● Brief: Print the data exactly as written, line for line, and leave its pictures behind.

:: Information provided

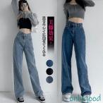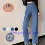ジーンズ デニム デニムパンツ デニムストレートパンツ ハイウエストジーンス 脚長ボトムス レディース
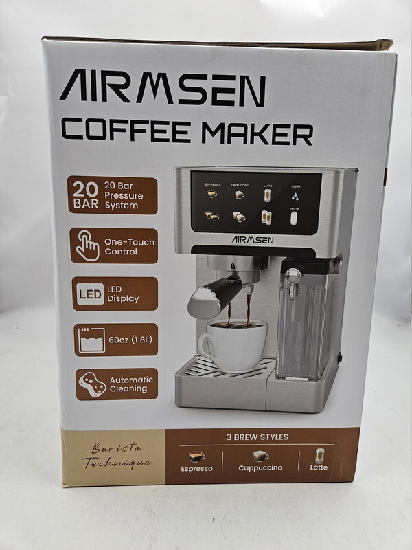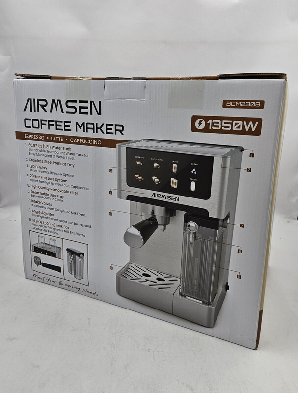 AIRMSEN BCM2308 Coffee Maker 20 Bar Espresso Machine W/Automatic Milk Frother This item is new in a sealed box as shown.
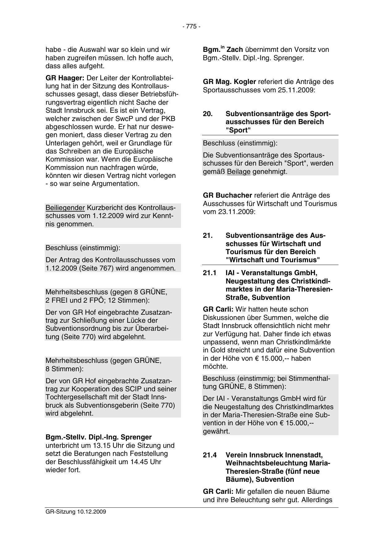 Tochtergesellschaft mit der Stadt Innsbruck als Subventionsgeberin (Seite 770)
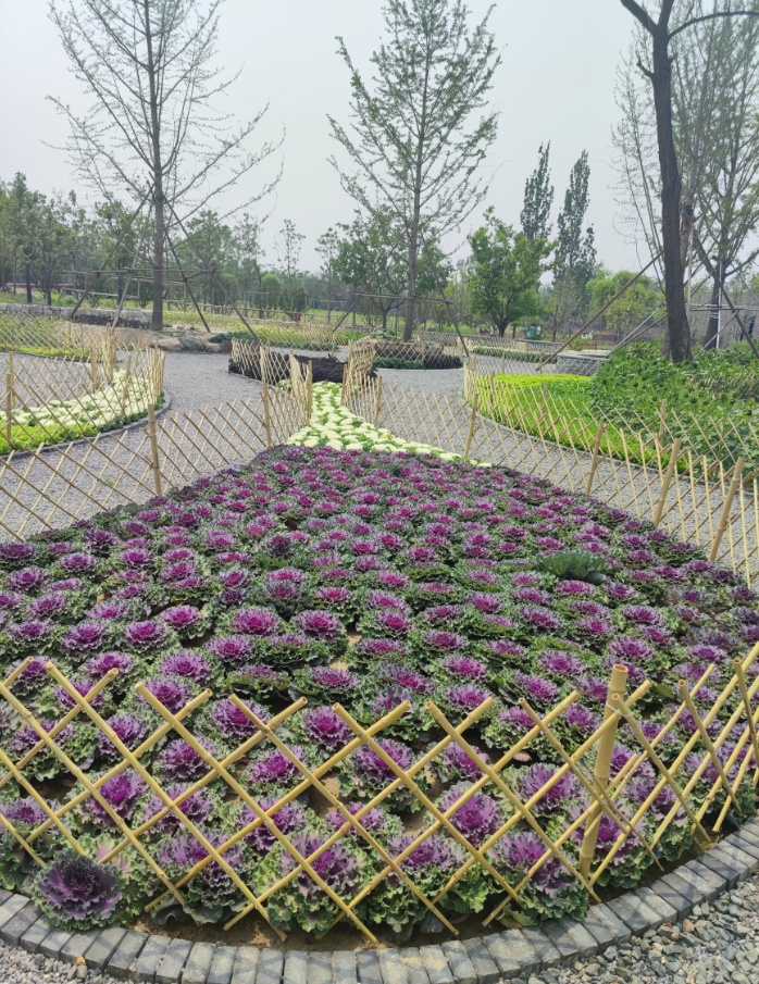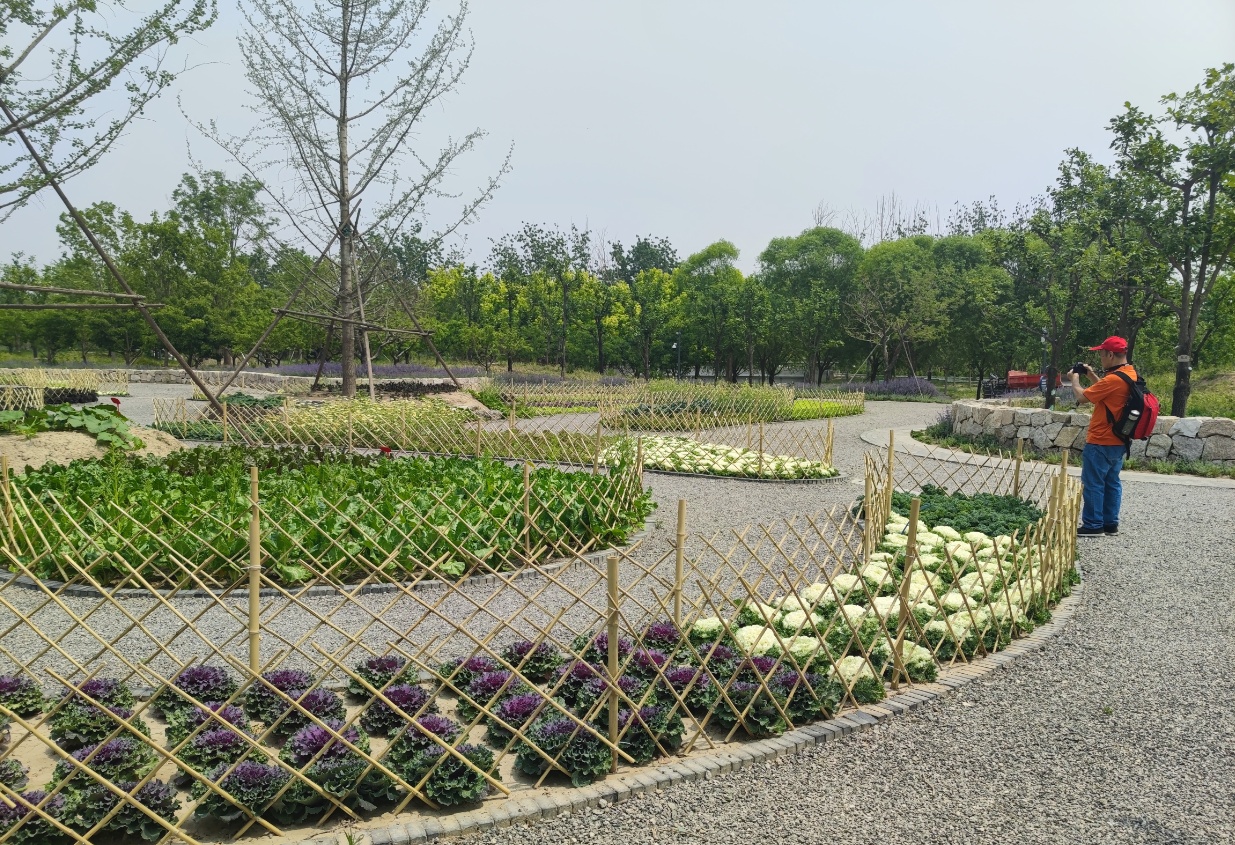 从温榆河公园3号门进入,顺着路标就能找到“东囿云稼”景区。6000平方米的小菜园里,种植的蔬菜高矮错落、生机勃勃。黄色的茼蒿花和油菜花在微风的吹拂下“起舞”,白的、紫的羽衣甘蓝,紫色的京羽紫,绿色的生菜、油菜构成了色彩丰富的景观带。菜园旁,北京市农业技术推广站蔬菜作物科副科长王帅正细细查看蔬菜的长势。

::::

● Reply:
ジーンズ デニム デニムパンツ デニムストレートパンツ ハイウエストジーンス 脚長ボトムス レディース
 AIRMSEN BCM2308 Coffee Maker 20 Bar Espresso Machine W/Automatic Milk Frother This item is new in a sealed box as shown.
 Tochtergesellschaft mit der Stadt Innsbruck als Subventionsgeberin (Seite 770)
 从温榆河公园3号门进入,顺着路标就能找到“东囿云稼”景区。6000平方米的小菜园里,种植的蔬菜高矮错落、生机勃勃。黄色的茼蒿花和油菜花在微风的吹拂下“起舞”,白的、紫的羽衣甘蓝,紫色的京羽紫,绿色的生菜、油菜构成了色彩丰富的景观带。菜园旁,北京市农业技术推广站蔬菜作物科副科长王帅正细细查看蔬菜的长势。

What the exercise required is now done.